**What you will do:**
Exactly as they appear below, repeat the lines from the one with "In the winter" through the one with "4' x 4' Washable". Drop every picture.

**Material supplied:**
--------------------------------------------------

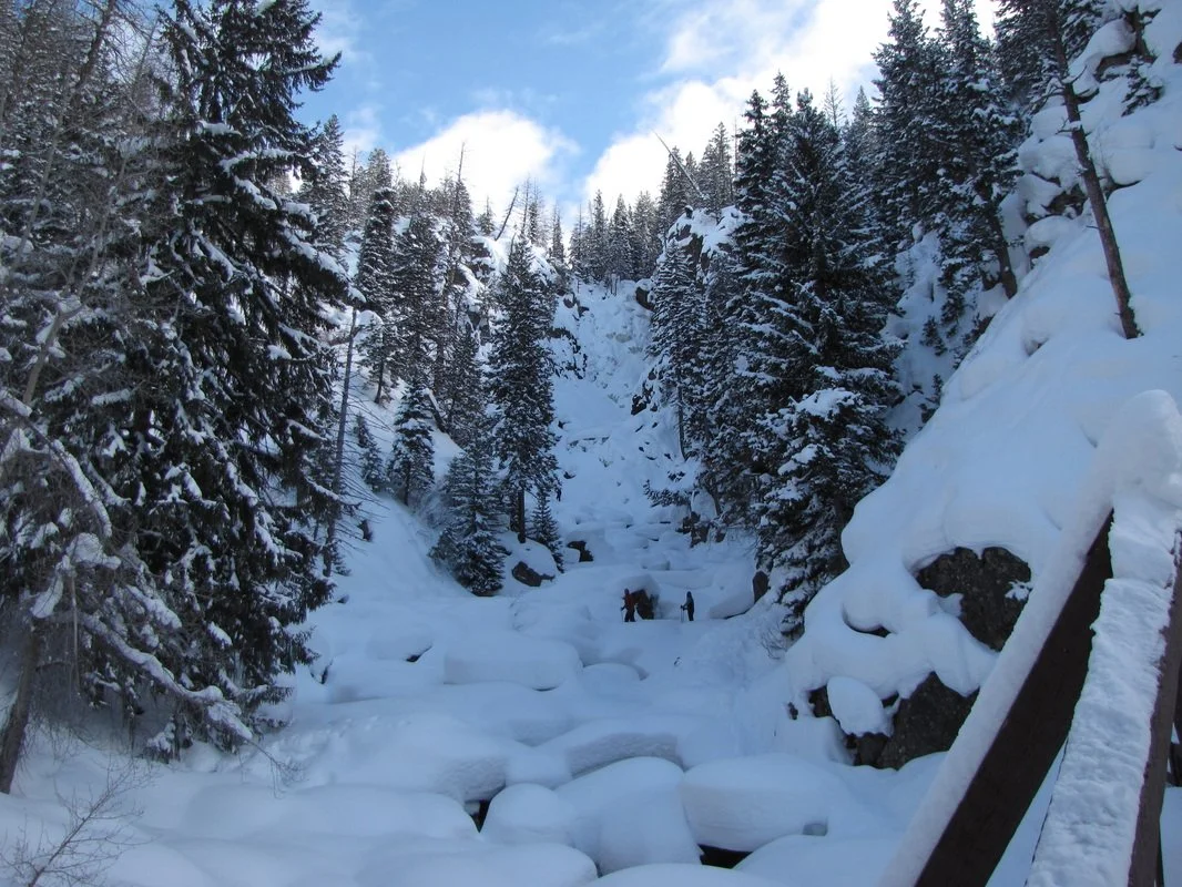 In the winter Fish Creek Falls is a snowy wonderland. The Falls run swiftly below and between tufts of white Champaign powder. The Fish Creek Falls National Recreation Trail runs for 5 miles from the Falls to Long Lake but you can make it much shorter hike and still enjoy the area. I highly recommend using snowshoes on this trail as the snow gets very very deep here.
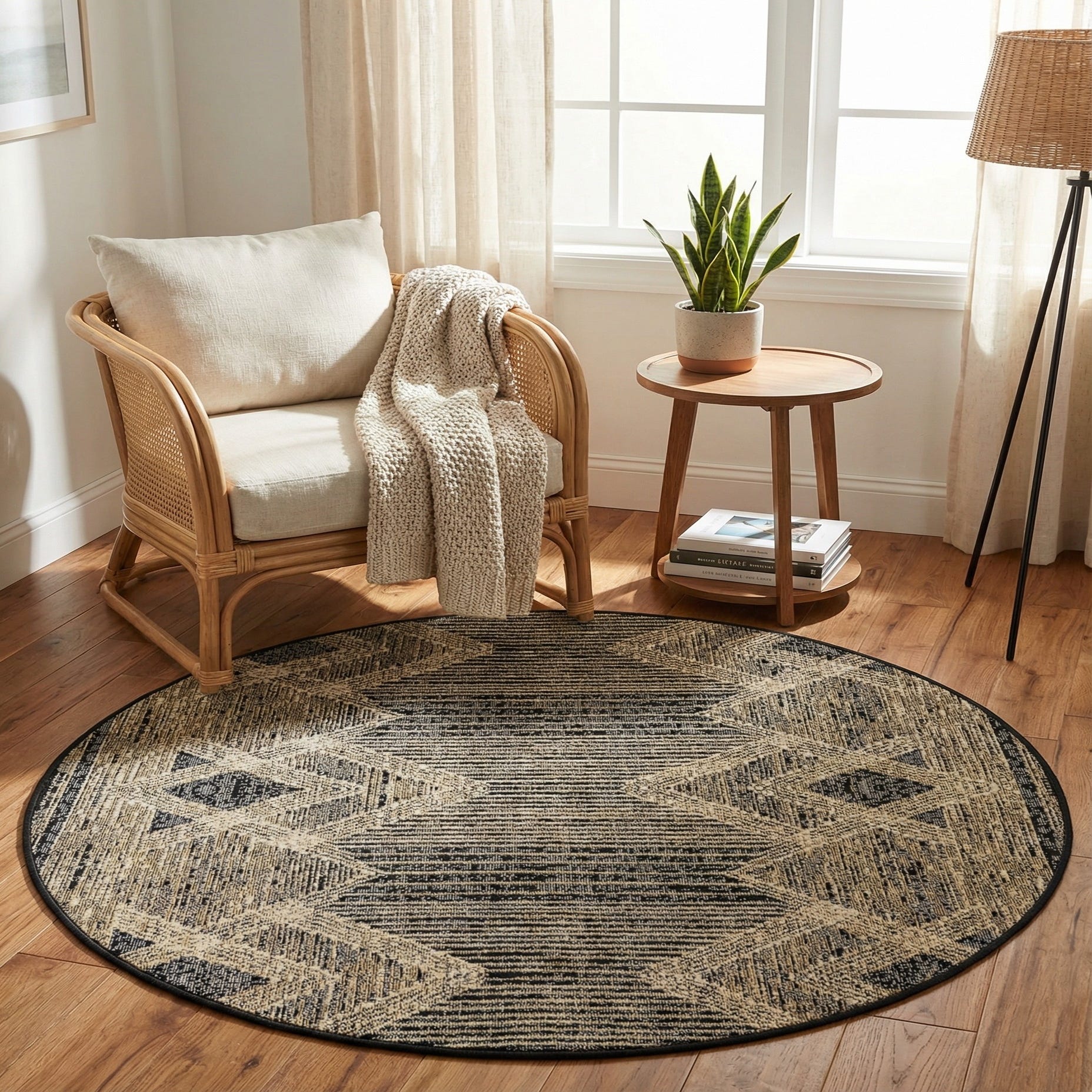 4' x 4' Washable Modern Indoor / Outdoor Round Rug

--------------------------------------------------

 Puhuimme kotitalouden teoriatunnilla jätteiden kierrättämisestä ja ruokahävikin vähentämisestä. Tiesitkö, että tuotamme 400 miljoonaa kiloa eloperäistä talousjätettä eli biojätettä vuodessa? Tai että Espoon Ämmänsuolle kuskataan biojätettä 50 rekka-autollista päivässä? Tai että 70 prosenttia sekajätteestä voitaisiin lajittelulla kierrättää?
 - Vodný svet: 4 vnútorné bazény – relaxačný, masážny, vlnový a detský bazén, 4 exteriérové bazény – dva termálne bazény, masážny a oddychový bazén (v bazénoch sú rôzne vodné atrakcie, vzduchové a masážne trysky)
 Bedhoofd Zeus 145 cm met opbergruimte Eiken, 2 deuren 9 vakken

--------------------------------------------------

**Reply to the task:**
 In the winter Fish Creek Falls is a snowy wonderland. The Falls run swiftly below and between tufts of white Champaign powder. The Fish Creek Falls National Recreation Trail runs for 5 miles from the Falls to Long Lake but you can make it much shorter hike and still enjoy the area. I highly recommend using snowshoes on this trail as the snow gets very very deep here.
 4' x 4' Washable Modern Indoor / Outdoor Round Rug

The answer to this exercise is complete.